Andrew Clements 

Garrick Ohlsson

It is an unenviable task for any pianist to stand in for Krystian Zimerman, who withdrew from last night's planned Festival Hall recital three weeks ago, but the American Garrick Ohlsson had bravely stepped into the breach.
  
  


It is an unenviable task for any pianist to stand in for Krystian Zimerman, who withdrew from last night's planned Festival Hall recital three weeks ago, but the American Garrick Ohlsson had bravely stepped into the breach.

Ohlsson used to be a London regular, but he has become a much rarer visitor of late. Evidently he has been keeping busy - his biography in the programme had novella-like proportions - and one of his current projects is a survey of Chopin's piano music for the CD label Arabesque.

That composer's B minor Sonata formed the centrepiece of his programme, and Ohlsson's performance was a microcosm of his approach throughout the evening - strong on feisty detail and no nonsense tone, short on simple lyrical expressiveness or any sense of a distinctive musical perspective.

There was something about the playing last night that was not quite connected - one phrase did not seem to relate to the next in a meaningful way, harmonic shifts passed by unremarked, and every so often all the muscle seemed to waste away.

He had opened with Beethoven F minor Sonata Op 2 no 1: it was perfectly respectable, unaffected, but in truth rather boring, lacking in real impetus or sense of period style.
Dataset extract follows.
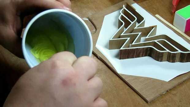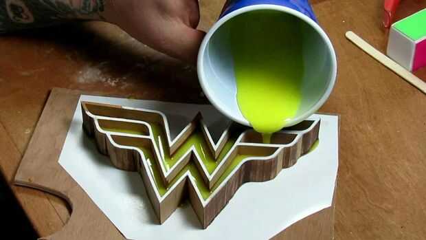 Se utilizó una resina epoxi de dos partes, como hacemos a menudo, para el vertido. Una vez más, se trata de Famowood esmalte capa, una tabla de la barra superior capa resina que funciona bien para muchas otras cosas. Lo utilizamos a menudo para el casting y para rellenar cavidades como lo hicimos en este caso. En cuanto a mezcla va, sólo tienes que seguir las instrucciones que acompañan la resina que usted elija. También hemos añadido un poco de pintura acrílica amarillo a la mezcla así.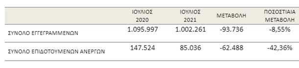 Μείωση των ανέργων που είναι γραμμένοι στα μητρώα του ΟΑΕΔ είχαμε τον Ιούλιο σε σύγκριση με τον περσινο Ιούλιο σύμφωνα με τα στοιχεία που παρουσίασε ο οργανισμός. Ωστόσο υπήρξε μια μικρή αύξηση σε σχέση με τον φετινό Ιούνιο όπως θα δείτε στους ακόλουθους πίνακες

Ohlsson is happiest, one began to suspect, when he has lots of notes to deliver, and a second half of Rachmaninov certainly provided enough of those.

A group of transcriptions began it - three movements from Bach's E minor Violin Partita, rather short on charm, Mendelssohn's Midsummer Night's Dream Scherzo, economical with wit - and then it was on to the Second Sonata.

It is hard work for any pianist to bring off, even in the user-friendly shortened version that Ohlsson played, and perhaps no one since Horowitz has really got its measure.

Much of the dogged, tumultuous writing suggests that Rachmaninov was trying to emulate Scriabin, working with motifs and a high level of chromaticism rather than the usual succulent big tunes and regretting their absence.

Ohlsson's account was busy and technically secure, but it was rather an onslaught, too monochrome, and in the end too unfocused to make sense.